Каждая придерживает свой козырь; так игра затягивается до бесконечности,
клонясь к трагической развязке. Резко обрывает Мария Стюарт переговоры насчет
охранной грамоты – вы словно слышите скрежет разрываемой ткани: «Когда б мои
приготовления не подвинулись так далеко, быть может, недружественное поведение
вашей августейшей госпожи и помешало б моей поездке. Однако теперь я полна
решимости отважиться на задуманное, к чему бы это ни привело. Уповаю, что ветер
будет благоприятный и нам не придется приставать к английскому берегу. Если же
это случится, ваша августейшая госпожа заполучит меня в свои руки. Пусть тогда
делает со мной, что хочет, и если она столь жестокосерда, что жаждет моей
смерти, пусть принесет меня в жертву своему произволу. Быть может, такой выход
для меня и лучше, чем это земное странствие. Да сбудется же и здесь воля
господня!»
И снова в ее словах прорывается все тот же опасный, самонадеянный,
решительный тон. Скорее мягкая, беспечная и легкомысленная по натуре, более
склонная искать утех жизни, чем борьбы; Мария Стюарт становится тверже стали,
упрямой и смелой, едва дело коснется ее чести, ее королевских прав. Лучше
погибнуть, чем склонить выю, лучше королевская блажь, чем малодушная слабость.

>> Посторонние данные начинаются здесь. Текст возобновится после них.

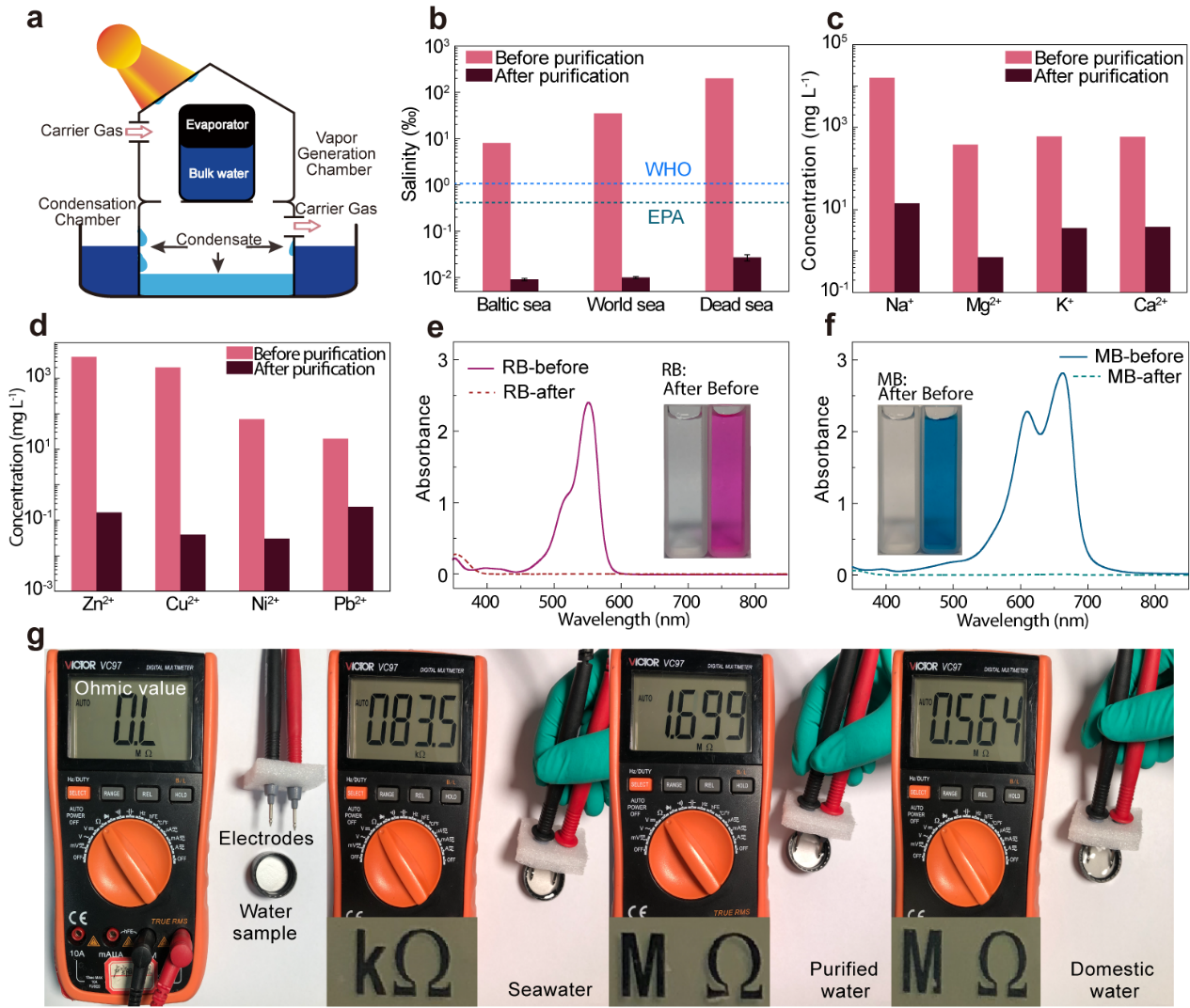 我们所获得的PEDOT:PSS-PAAm双网络水凝胶具有独特的优势蒸发性能组合,包括出色的阳光吸收率 (~99.8%)、快速蒸发速率 (2.15 kg m-2 h-1) 和高的能量效率 (~97.2 %)。PEDOT:PSS-PAAm 双网络水凝胶还被证明在真正的水净化应用具有出色的长期稳定性,在模拟海水淡化的30天连续测试中显示出94.8%的平均能量效率(图3)。

В тревоге доносит посол в Лондон о своей неудаче, и Елизавета, как более,
мудрая и гибкая правительница, тотчас же идет на уступки. Сразу же выправляется
охранная грамота и отсылается в Кале. Однако она приходит с двухдневным
опозданием. Мария Стюарт тем временем отважилась пуститься в дорогу, хоть в
Ла-Манше ей угрожает встреча с английскими каперами: лучше смело и независимо
избрать опасный путь, чем ценою унижения – безопасный. Елизавета упустила
единственную представившуюся ей возможность миром разрешить конфликт, обязав
благодарностью ту, кого она страшится как соперницы. Но политика и разум редко
следуют одним путем: быть может, именно такими упущенными возможностями и
определяется драматическое развитие истории.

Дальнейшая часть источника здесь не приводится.